[The lebanese sectarian society as a culture of subservience ]

Abu Nasr abu-nasr at SPAMusa.net
Thu Jun 15 17:09:53 MDT 2000


Dear comrades!

Riad is right about the different sects in Lebanon having different foreign
supporters and patrons.  It wasn't only the Maronites.  For example in the
1850s or 1860s the Maronites and Druze fought a bloody war, only actually
behind the scenes it was the French supporting the Maronites and the British
supporting the Druze!  Great to fight a war but use somebody else's bodies!
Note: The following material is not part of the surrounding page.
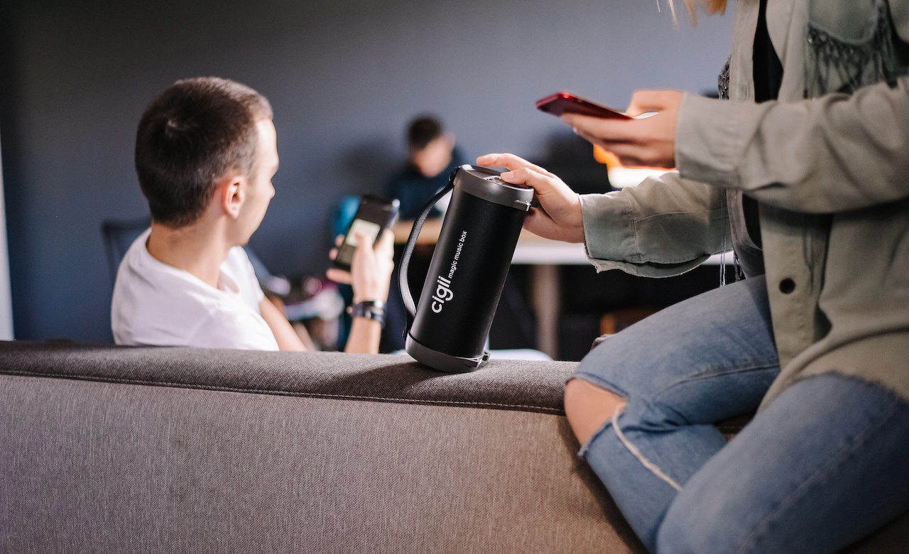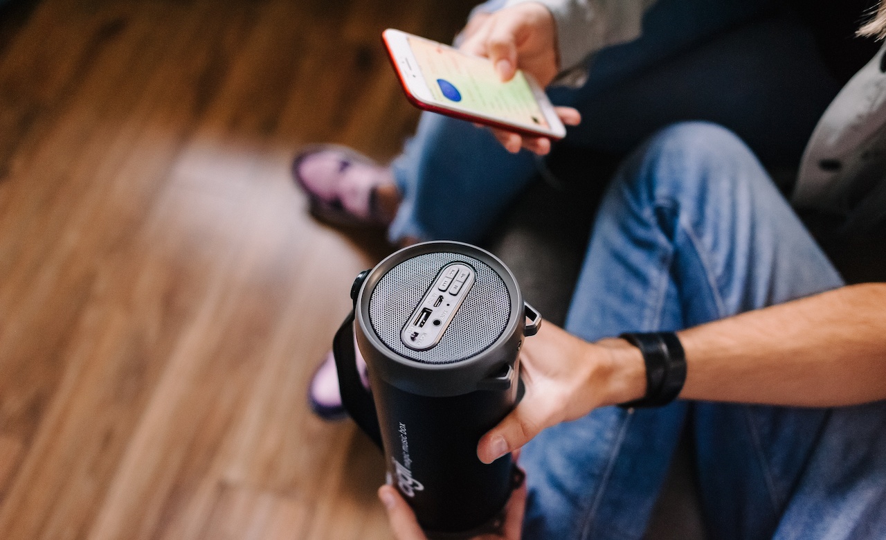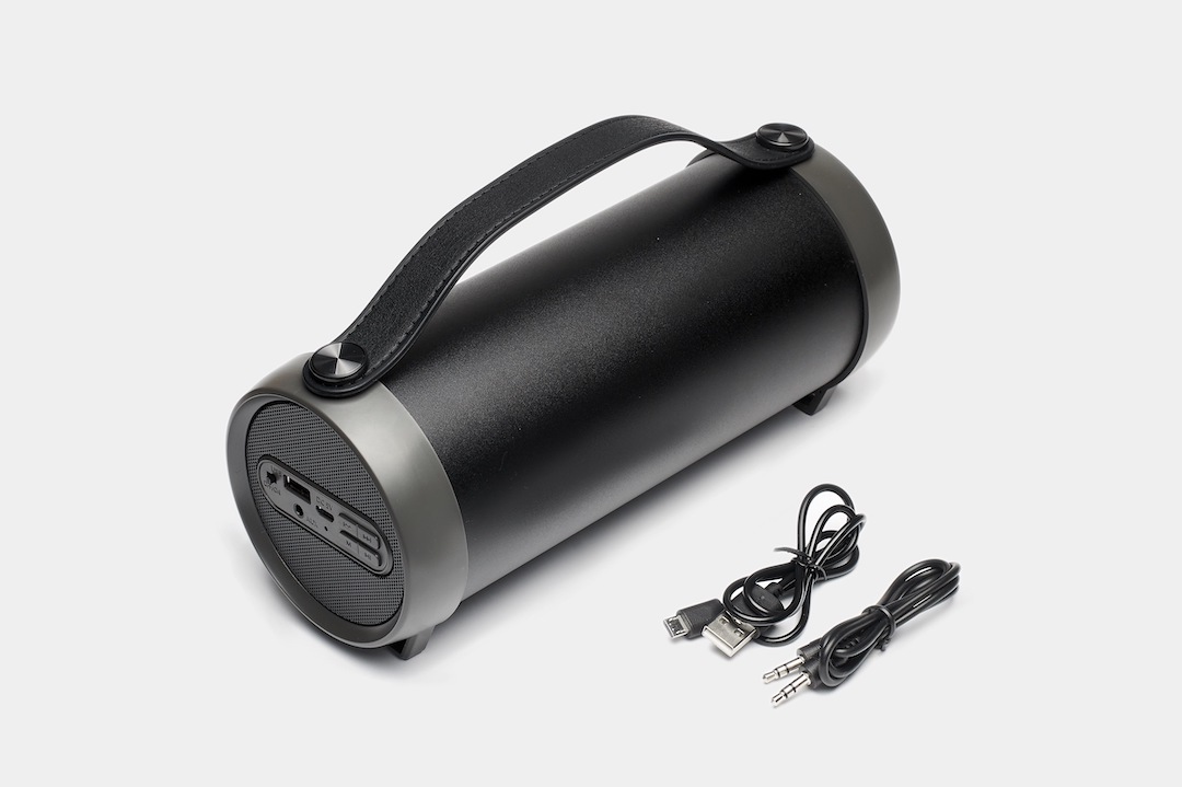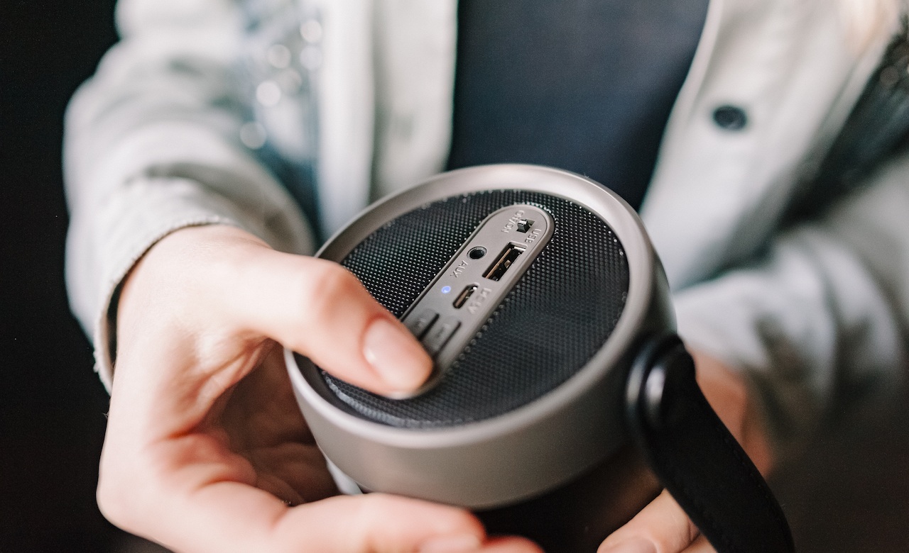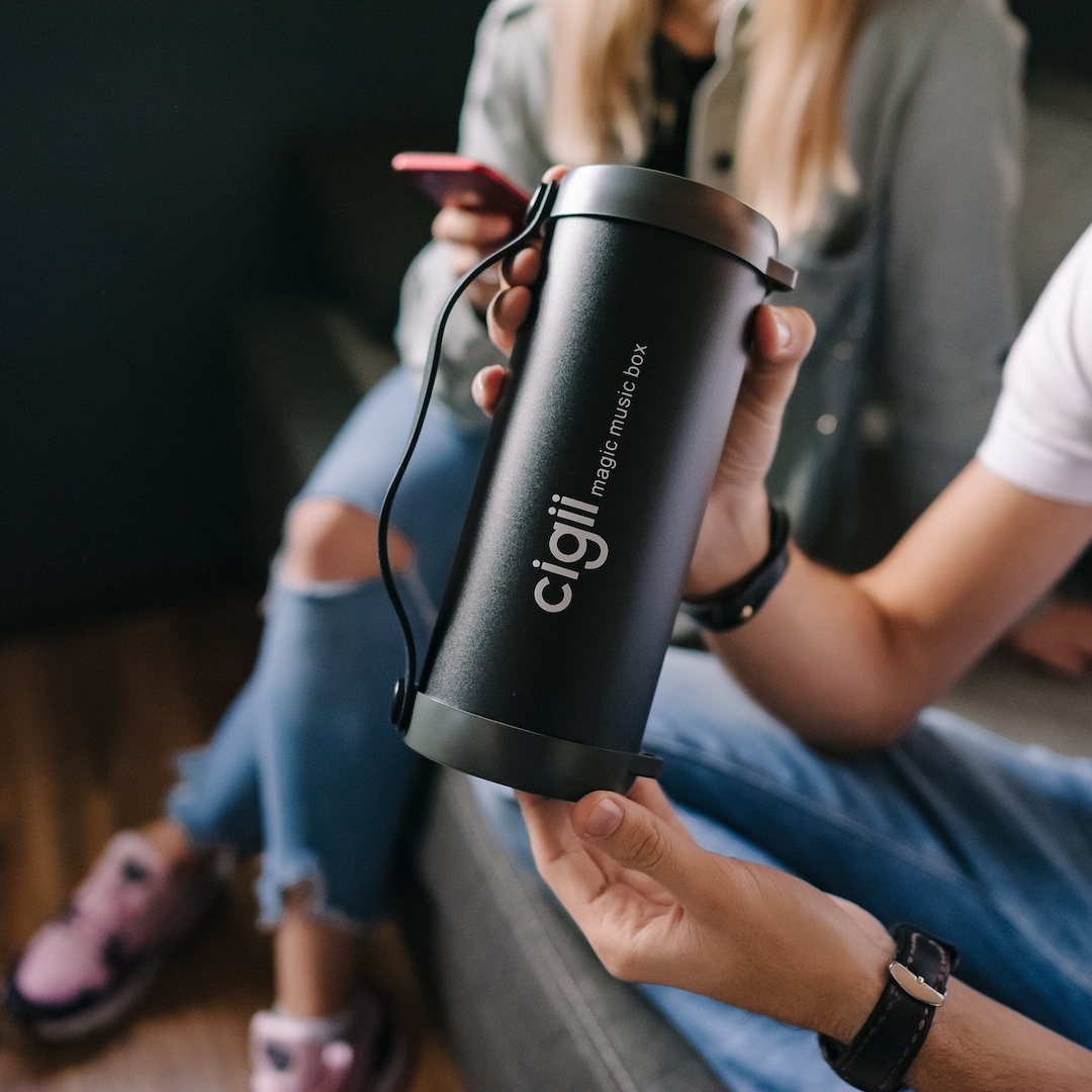 Теперь вы можете делиться понравившейся музыкой на всю компанию и забыть о скучных прогулках. Более того, чтобы получить звук посильнее, можно подключить дополнительные колонки. За счёт мягкой ручки-ремешка вы не сможете потерять устройство.

Also Riad was right to notice the issue of international trade.  It's not so
new.  I mean of course there was international trade in the Phoenicians' time.
 But even more recently, by the 1400s, the Venetians traded with the Islamic
world and had consulates in Alexandria and Damascus.  Venice locked the
Genoese out of the eastern shipping trade, by the way, and that compelled some
of them, like one Christopher Columbus, to think about going West to reach the
East.  But I'm sure our Latin American comrades know the rest of that story
better than I do.

With revolutionary greetings!

Abu Nasr

Riad Koubaisi <hamman at inco.com.lb> wrote:
  HI Comrades:
 First, i really admire the greeting of comrade julio and the notes of
comrade nestor.
 But here i must clear something about the  maronite, i think comrade
nestor you were a bit severe with the maronite.
         you wrote:
 >Now, the well-to-do Maronites have been for a very long time good
>trading partners of the West, particularly of France. Not only
>trading partners, but political partners as well. Maronite culture,
>as a general rule, has been a culture of subservience to the ruling
>powers from abroad rather than a culture of national common struggle
>with their Islamic fellow countrypeople. It is not a matter of chance
>at all that Maronites manned the South Lebanon Army. It was just a
>logical outcome of their history. Quislings would be their name in the
West.
     Riad:
 NO, they were not always a culture of subservience to the ruling
powers from abroad , or lets say they were not the only sect that
cringed to get help from the aboard.for example in the Ottoman govern
the relation between the maronite and the govern was too weak and by
this they intersect with the situation of the shiite. in the other side
the sunnite and the Christian{orthodox} were in a good relation with the
govern. For the good relation between the maronite and france, we must
be clear that each sect in lebanon was and is supported from aboard.
Sunnite from Ottoman and then saudi arabia{gulf countries} shiite from
iran, orthodox from russia even though when it became USSR , and the
maronite from france. to be more clear i can say to you that lebanon
mostly was formed because of  the maronite demands, since the orthodox
have had no problem to live in a country where they are minority but
Maronites have had problem.although they became now a minority if they
were compared to the shiite for example.
        concerning the dealing between israel and the maronite i must
say that its seems there is a big doubt in this matter, it may be
surprising to you but South Lebanon Army was formed from 30% of
christians{mostly maronite} and 70% of shiite; moreover the basic reason
why South Lebanon Army{saad hadad army}was formed were the Palestinian
resistance, imagine how the sectarian logic take its place, the shiite
joined saad hadad army and had had no problem to deal with the israeli
just because the Palestinian resistance was sunnite, some stories says
that some of the shiite were happy when the israeli occupied south
lebanon in 1978 and 1982, even though some of the Palestinian
organizations were acting in a sectarian way.{ surly not the secular
one}
        You wrote:
   >I enclose "foreign" between quotation marks because in
>the vast Eastern Mediterranean Basin there was not EXACTLY "foreign"
>trade until quite recently, in the sense that many different peoples
>lived under Ottoman rule, trading between them within a same
>political construction as if they did not belong to a single unity.
    Riad:
 Not completely, there was a a kind of trade with far countries in the
date of Phoenician {BC}, those who lived on the western coasts of the
fertile crescent{ shores of lebanon and syria}found that there only way
to get source of life is sea, trading after getting beyond the sea {
since they didn't had lands to plant}
         With revolutionary greetings!